Vision Over Syntax: I Design the Entire Product in My Head Before the First Commit

Every product I have shipped began the same way: not with npm create, but with days of thinking until I could see the entire system — the data's journey, the trust boundaries, the failure modes, the cost curve — before writing a single line. Syntax is a solved problem in 2026. Vision is not. This post is about the part of engineering that no model generates for you.
The whiteboard test
Before I opened an editor for Sable, my finance agent, I could answer these on a whiteboard: Where does the data live? (On-device SQLite — nowhere else, ever.) What is the model allowed to do? (Propose, never commit.) What happens when two writes collide? (A queue serializes them.) What does day 30 look like for the user? (A morning briefing that reads their real numbers.) When you can answer questions like these before coding, the build becomes transcription. When you can't, no amount of generated code will save the product — you will just arrive at the wrong destination faster.
Architecture is a set of refusals
The strongest decisions in my products are the things they refuse to do. streamerOS refuses to send chat data to a server — it ingests Twitch and YouTube directly on the user's machine.

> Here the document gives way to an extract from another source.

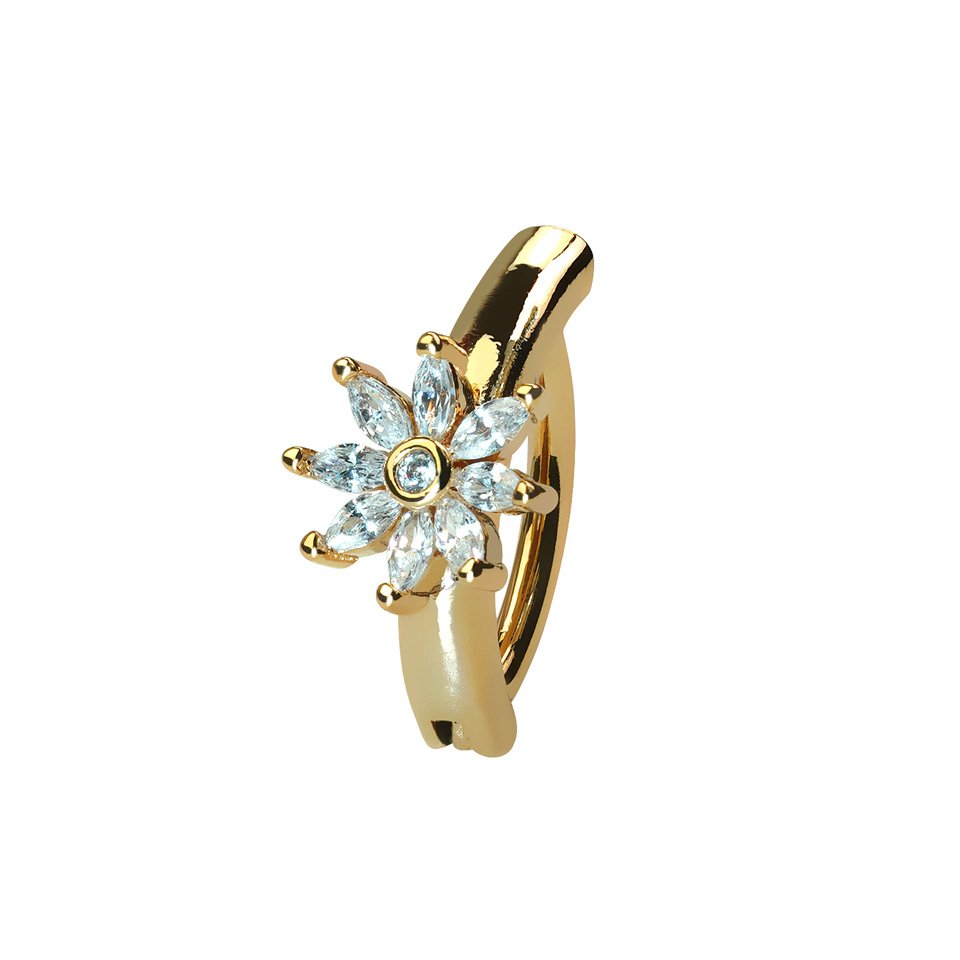 Ennek a stílusos clicker köldökkarikának egy csillogó virág ékeskedik a közepén. A virág 9 köbös cirkóniakőből áll. Az ékszer arany vagy ezüst bevonattal érhető el.

Sable refuses to let the LLM mutate the database — every write passes a human Review & Confirm gate. The blog pipeline refuses to own a CMS, a database, or a server — its state is the Git history. Each refusal deleted an entire class of cost, risk, and maintenance from the product's future.
Junior engineers add capabilities. Architects delete futures. Every "no" made early is a pager that never goes off, an invoice that never arrives, a breach that never happens.
Why this matters more than ever
AI collapsed the cost of implementation to near zero — which means the value of knowing what to implement has gone vertical. Two engineers with the same Claude subscription will produce wildly different outcomes, and the difference is entirely in the quality of the questions they ask before generating anything. My job, as I practice it, is to be the person in the room who has already thought three layers deeper than the ticket: not "build the export feature," but "what schema makes exports free forever?"
How I run the thinking phase
- Write the data contract first. One authoritative schema. Every layer — DB, API, UI, even the AI's structured outputs — is generated to satisfy it.
- Name the trust boundaries. Who can do what, and what can the model never do? These lines are drawn before the first prompt, because they are unpromptable.
- Price the architecture. Every design gets a cost model — tokens, storage, compute — before it gets code. A design that doesn't know its own unit economics is a demo.
- Only then, orchestrate. With contracts, boundaries, and costs fixed, Claude fills the layers at a speed no team can match — because there is nothing left to be ambiguous about.
Recruiters read a hundred résumés that say "proficient in React, Node, TypeScript." Fine — so is the model. The question worth asking a candidate is: show me a system you refused to build the easy way, and what that refusal bought. I have five answers deployed.